La donazione del sangue cordonale come strumento per poter essere d’aiuto a chi necessita di un trapianto di cellule staminali ematopoietiche, ma anche come traguardo di un percorso di avvicinamento e integrazione, per un accesso alle cure egualitario: è questo l’obiettivo che la nuova campagna di sensibilizzazione al dono del sangue del cordone ombelicale promossa dalla Federazione Italiana Adoces – Associazioni donatori cellule staminali - (che per prima in Italia nel 2009 ha avviato un’iniziativa nazionale di comunicazione sulla tematica), presentata a Roma, Palazzo San Macuto - sede delle commissioni parlamentari bicamerali – il 10 dicembre scorso, si pone.
Se “Nati per donare”, l’iniziativa inaugurata nel 2012 con il patrocinio del Ministero della Salute e grazie alla collaborazione con le 800 biblioteche della rete Aib (Associazione Italiana Biblioteche), aveva puntato a potenziare la rete di diffusione delle informazioni per condurre le future madri italiane ad una scelta consapevole, “Anche noi… Nati per donare” allarga il “proprio pubblico”, realizzando strumenti e modalità innovativi, rivolgendosi alle donne immigrate ma anche alle donne portatrici di handicap sensoriali.
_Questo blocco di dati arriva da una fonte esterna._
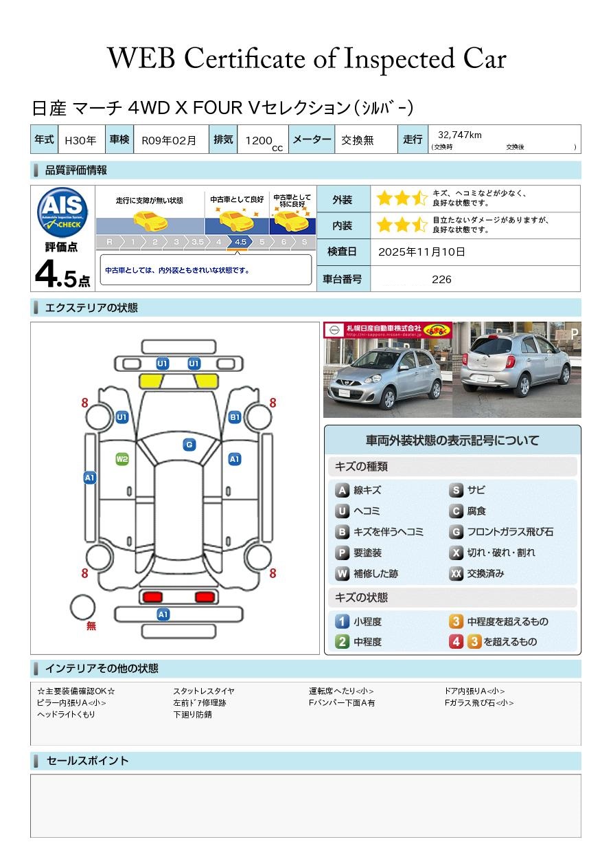 マーチ 1200cc 1.2 X FOUR Vセレクション 4WD ETC

“Nella Giornata internazionale per i diritti umani – ha sottolineato Licinio Contu, presidente della Federazione Italiana Adoces e genetista di fama internazionale – vogliamo porre l'attenzione sull'uguaglianza dei diritti dei malati nell'accesso alle cure sanitarie. Venticinque anni veniva effettuato il primo trapianto di sangue cordonale al mondo e da allora sono stati fatti enormi passi avanti (oltre 1.300 trapianti in Italia), ma solo per le persone di etnia caucasica occidentale. In provincia di Treviso, per la prima volta, si è pensato di trovare una soluzione anche per i pazienti appartenenti a gruppi etnici diversi”.
La nuova campagna è stata tenuta a battesimo dalla senatrice trevigiana Laura Puppato, nominata oggi socia onoraria della Federazione Italiana Adoces dal presidente Licinio Contu.
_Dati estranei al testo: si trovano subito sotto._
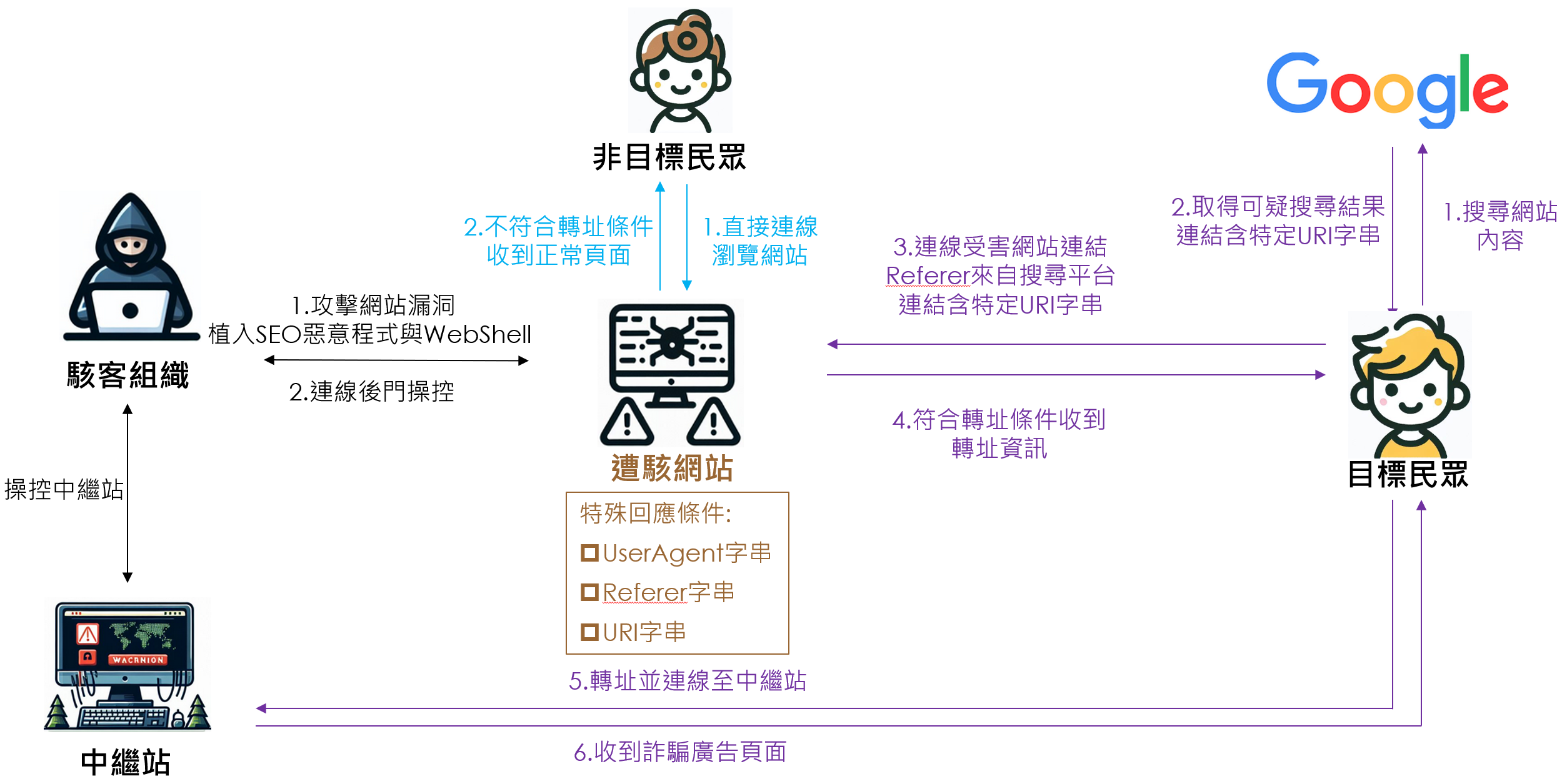 利用SEO Poisoning導向使用者到詐騙網站的攻擊流程可以分為以下幾個步驟:

Pieno appoggio all'iniziativa anche da parte dell'Ufficio nazionale antidiscriminazioni razziali della Presidenza del Consiglio dei Ministri – Unar, rappresentato da Alessandro Pistecchia: “L'iniziativa di Adoces offre l'opportunità alle donne immigrate in Italia di poter compiere il salto da soggetti fragili a risorse per la comunità”.
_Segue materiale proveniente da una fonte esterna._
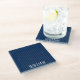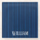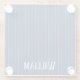 Personalized navy blue pinstripes glass coaster
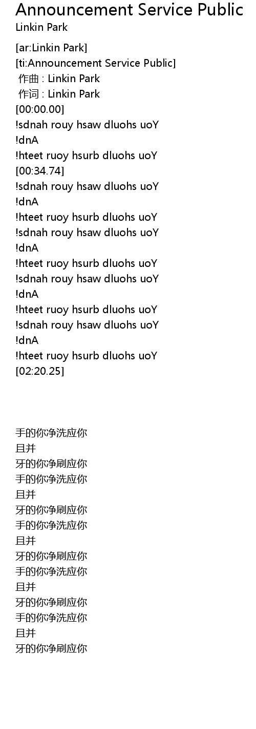 | [02:10.80] | !sdnah rouy hsaw dluohs uoY |
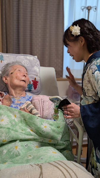 元美容師の入居者様は着付けを念入りにご覧になり、うれしそうに「とてもきれい」と絶賛されま

Attualmente nelle 19 banche pubbliche italiane sono presenti 35 mila donazioni solidali, quasi esclusivamente provenienti da donne italiane. Molte di esse sono state utilizzate per i trapianti di malati italiani o di persone appartenenti all’etnia caucasica (in Italia al 31 agosto 2013 ben 1.274, Fonti IBMDR e Centro Nazionale Sangue ISS). Il fabbisogno nazionale dovrebbe essere almeno raddoppiato, inserendo anche unità che rappresentino le caratteristiche genetiche di tutti i cittadini che vivono nel nostro Paese e in ambito europeo.
Gabriella Girelli, della Società Italiana Medicina Trasfusionale e Immunoematologia (Simti), ha ricordato l'importanza della donazione di sangue cordonale anche con una significativa immagine: la bambina abbracciata da Papa Francesco nella copertina del libro “I racconti di Papa Francesco” di Rosario Carello è una piccola paziente guarita dalla leucemia grazie ad un trapianto di sangue cordonale e alla generosità di una madre e del suo bambino.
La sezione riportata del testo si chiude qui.